I’ve tried using Elemental.jl (GitHub - JuliaParallel/Elemental.jl: Julia interface to the Elemental linear algebra library.) but that seems to spawn processes with copies of the matrix, resulting in OutOfMemory() errors.

Can anyone point me in the right direction to try and solve this problem? Many thank in advance for helping me out!

4 Likes

Can’t you use a Matrix Free version?

1 Like

wow, I have never seen or worked with large matrices. How many rows and cols does this matrix have?

I think that QRMumps can handle this problem with the Julia interface QRMumps.jl. But you will need to compile a local version with StarPU to enable MPI support. The version precompiled by Yggdrasil doesn’t use StarPU.
QRMumps, like MUMPS, are tailored for very large problems.

MUMPS is for very large sparse problems.

If you have a large dense matrix, you want a parallel dense-direct library, i.e. something like Elemental.jl.

Probably you aren’t using it correctly? Handling distributed matrices, with only a chunk of the matrix in each process’s memory, is the whole point of the Elemental library AFAIK.

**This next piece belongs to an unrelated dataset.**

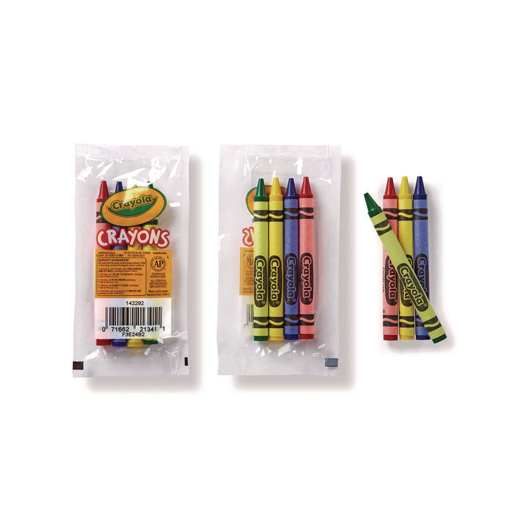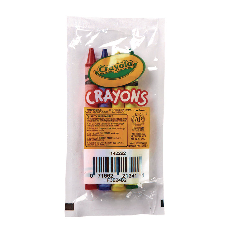 Crayola classic color crayons give artists of all ages an easy way to be creative. Give the young and young at heart a creative outlet with these classic crayons. Each cellophane pouch includes red, blue, yellow, and green Crayola crayons, enough to do justice to almost any coloring book or drawing. Crayons are double wrapped for durability and packed for easy distribution in a playroom, restaurant, party, or other group setting. Color(s): Assorted; Color Family: Multicolor; Color Assortment: Blue; Green; Red; Yellow; Crayon Size: 3.63" x 0.31".

More generally, the question is where does your matrix come from, and can you exploit some special structure? e.g. is it sparse, or is there a fast way to multiply matrix-times-vector? Do you need the whole QR decomposition, or can you use some approximation? e.g. if you are using it to solve a least-squares problem, can you use randomized least squares?

1 Like

Hello,
qr_mumps is actually developed for solving sparse problems through a multifrontal factorization but also contains some dense linear algebra routines including a parallel QR factorization. The issue, though, is that in order to handle a 1TB matrix you need distributed memory parallelism, which qr_mumps does not support at the moment. One option is to use ScaLAPACK; there is a related discussion here.